An exact copy of each line below is needed, with no images in it.
--------------------------------
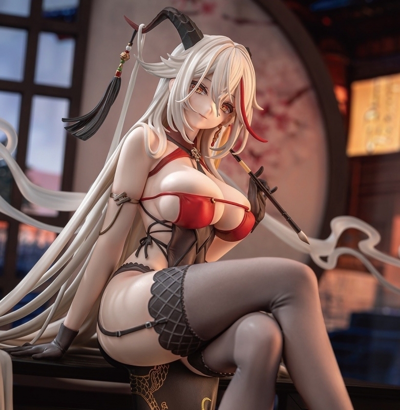 埃吉爾,是隸屬於鐵血陣營的 DR(決戰方案)超級巡洋艦(超巡),是必須在開發船塢投注大量時間才能建造完成的計畫艦,遊戲預設立繪為頭頂有著龍角、留著白色長髮的色氣巨乳美少女,其名稱正是來自北歐神話中的深海海神埃吉爾(Ægir);本次依照新年旗袍換裝「金龍騰祥雲」打造的埃吉爾高約 22 公分,不僅將那套根本是把幾塊布蓋在身上的極大膽旗袍考究再現,遭到擠壓而變形的巨乳、腹部與黑絲襪的皺褶、埃及爾經典的白色長髮,以及那雙快掉下來的紅色高跟鞋都有很不錯的呈現!
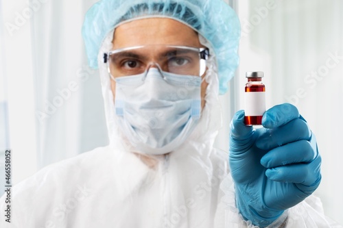 A doctor holding a vial with coronavirus Covid19 vaccine in hand.
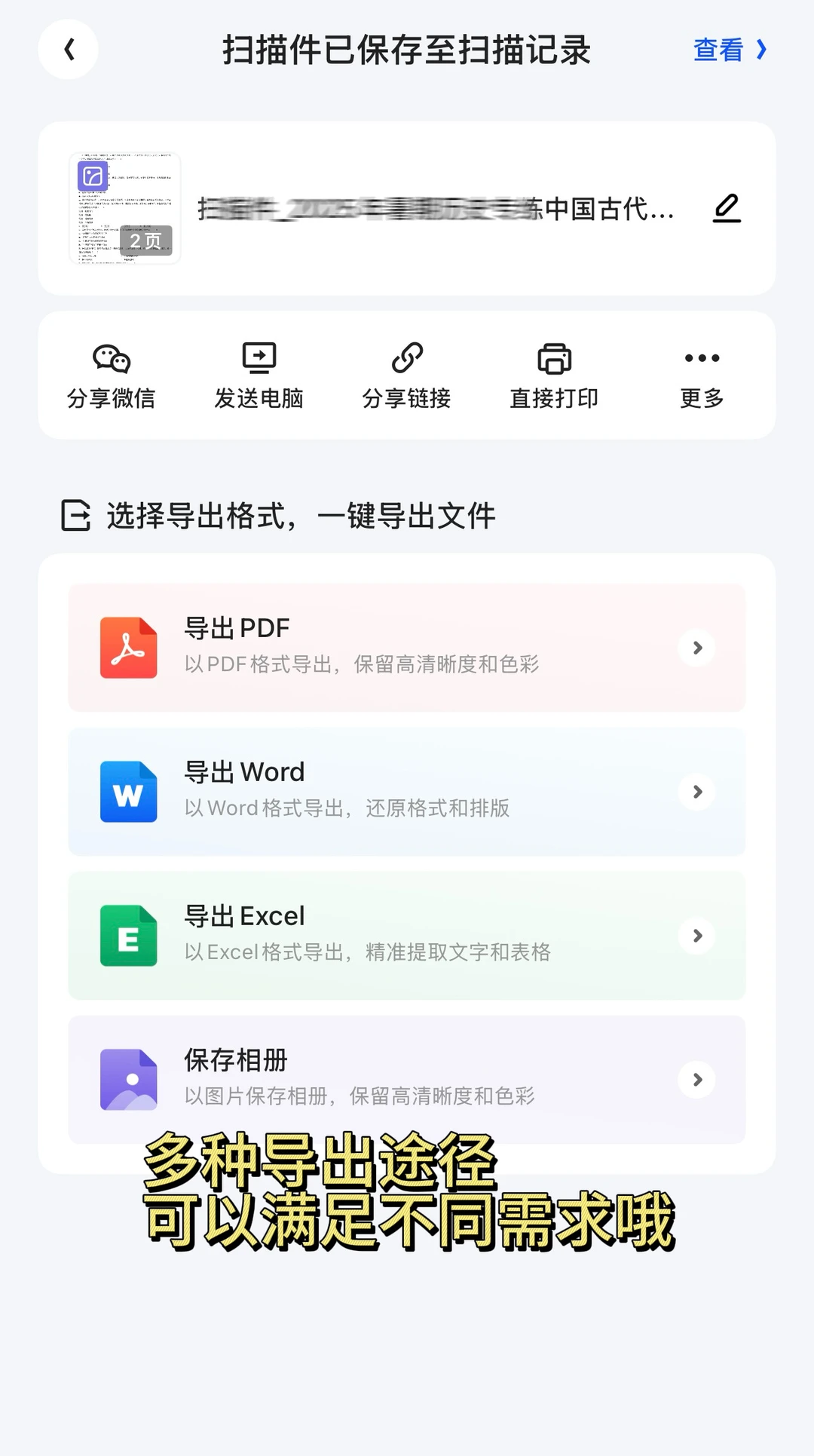 ☑️ 文字/表格提取:扫描后可以精准提取文字、表格、公式,手写体也能精准识别,可以很高效地进行资料的二次使用!
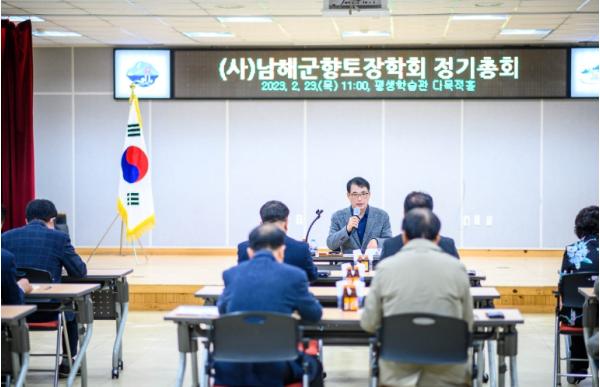 (사)남해군향토장학회가 지난 23일 남해평생학습관에서 장학회 이사장인 장충남 군수를 비롯한 장학회 임원 및 회원 등 74명이 참석한 가운데 2023년도 정기총회를 개최했다.
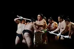 1: Hakuhō and his stablemaster Miyagino are severely reprimanded by the Sumo Association for Hakuhō's inappropriate behavior during his yūshō interview, when he called for Harumafuji and Takanoiwa to return to the ring and led the crowd in "banzai" cheers.[54]
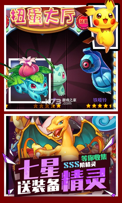 ★上百只精灵宝贝满足你的收集欲望,还有十万伏特的皮卡丘等你来抽,快来与你的小精灵并肩作战吧!
--------------------------------
* **Output for this exercise**:
 埃吉爾,是隸屬於鐵血陣營的 DR(決戰方案)超級巡洋艦(超巡),是必須在開發船塢投注大量時間才能建造完成的計畫艦,遊戲預設立繪為頭頂有著龍角、留著白色長髮的色氣巨乳美少女,其名稱正是來自北歐神話中的深海海神埃吉爾(Ægir);本次依照新年旗袍換裝「金龍騰祥雲」打造的埃吉爾高約 22 公分,不僅將那套根本是把幾塊布蓋在身上的極大膽旗袍考究再現,遭到擠壓而變形的巨乳、腹部與黑絲襪的皺褶、埃及爾經典的白色長髮,以及那雙快掉下來的紅色高跟鞋都有很不錯的呈現!
 A doctor holding a vial with coronavirus Covid19 vaccine in hand.
 ☑️ 文字/表格提取:扫描后可以精准提取文字、表格、公式,手写体也能精准识别,可以很高效地进行资料的二次使用!
 (사)남해군향토장학회가 지난 23일 남해평생학습관에서 장학회 이사장인 장충남 군수를 비롯한 장학회 임원 및 회원 등 74명이 참석한 가운데 2023년도 정기총회를 개최했다.
 1: Hakuhō and his stablemaster Miyagino are severely reprimanded by the Sumo Association for Hakuhō's inappropriate behavior during his yūshō interview, when he called for Harumafuji and Takanoiwa to return to the ring and led the crowd in "banzai" cheers.[54]
 ★上百只精灵宝贝满足你的收集欲望,还有十万伏特的皮卡丘等你来抽,快来与你的小精灵并肩作战吧!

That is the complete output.